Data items
>>>>>

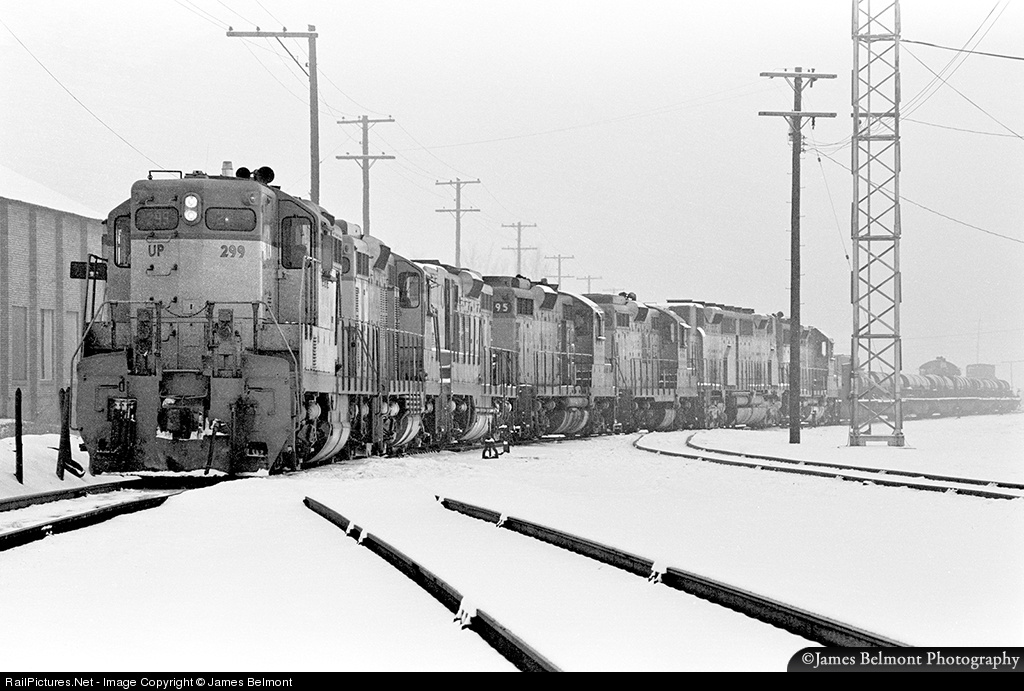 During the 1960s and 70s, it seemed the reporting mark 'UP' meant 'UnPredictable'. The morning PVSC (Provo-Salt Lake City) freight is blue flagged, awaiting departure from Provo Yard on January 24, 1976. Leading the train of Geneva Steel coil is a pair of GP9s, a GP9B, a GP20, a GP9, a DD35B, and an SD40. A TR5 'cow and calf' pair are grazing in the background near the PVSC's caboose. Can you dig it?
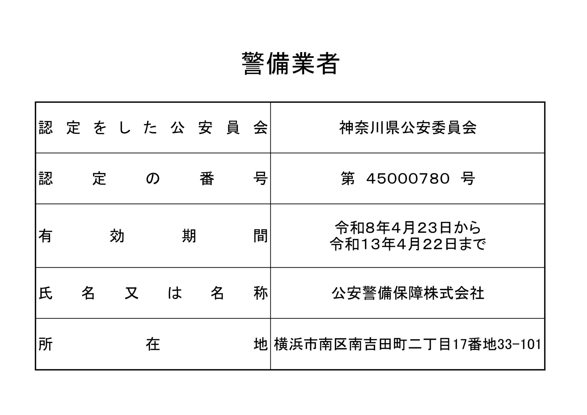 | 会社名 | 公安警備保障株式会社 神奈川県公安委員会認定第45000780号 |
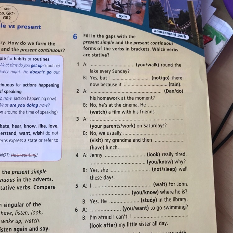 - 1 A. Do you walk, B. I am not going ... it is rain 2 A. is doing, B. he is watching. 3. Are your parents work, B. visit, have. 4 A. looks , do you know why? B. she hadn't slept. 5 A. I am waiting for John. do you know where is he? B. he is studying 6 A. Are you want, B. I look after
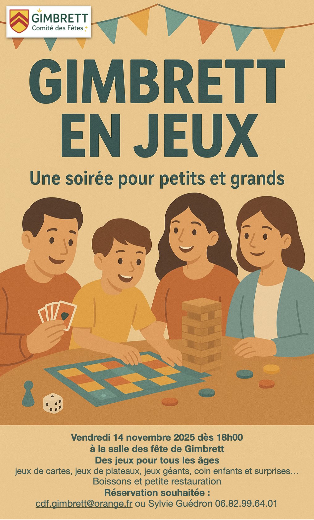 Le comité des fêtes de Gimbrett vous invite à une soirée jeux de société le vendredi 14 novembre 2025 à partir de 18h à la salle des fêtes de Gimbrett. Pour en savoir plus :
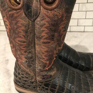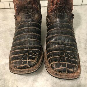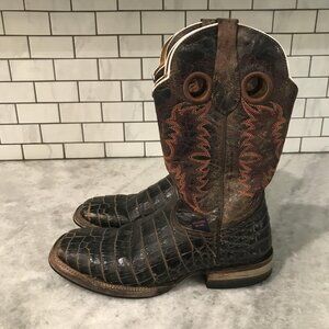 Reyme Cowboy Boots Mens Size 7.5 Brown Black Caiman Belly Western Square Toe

<<<<<

■ **Exercise**:
Apart from the pictures, write every entry out again exactly.

■ **Response**:
 During the 1960s and 70s, it seemed the reporting mark 'UP' meant 'UnPredictable'. The morning PVSC (Provo-Salt Lake City) freight is blue flagged, awaiting departure from Provo Yard on January 24, 1976. Leading the train of Geneva Steel coil is a pair of GP9s, a GP9B, a GP20, a GP9, a DD35B, and an SD40. A TR5 'cow and calf' pair are grazing in the background near the PVSC's caboose. Can you dig it?
 | 会社名 | 公安警備保障株式会社 神奈川県公安委員会認定第45000780号 |
 - 1 A. Do you walk, B. I am not going ... it is rain 2 A. is doing, B. he is watching. 3. Are your parents work, B. visit, have. 4 A. looks , do you know why? B. she hadn't slept. 5 A. I am waiting for John. do you know where is he? B. he is studying 6 A. Are you want, B. I look after
 Le comité des fêtes de Gimbrett vous invite à une soirée jeux de société le vendredi 14 novembre 2025 à partir de 18h à la salle des fêtes de Gimbrett. Pour en savoir plus :
 Reyme Cowboy Boots Mens Size 7.5 Brown Black Caiman Belly Western Square Toe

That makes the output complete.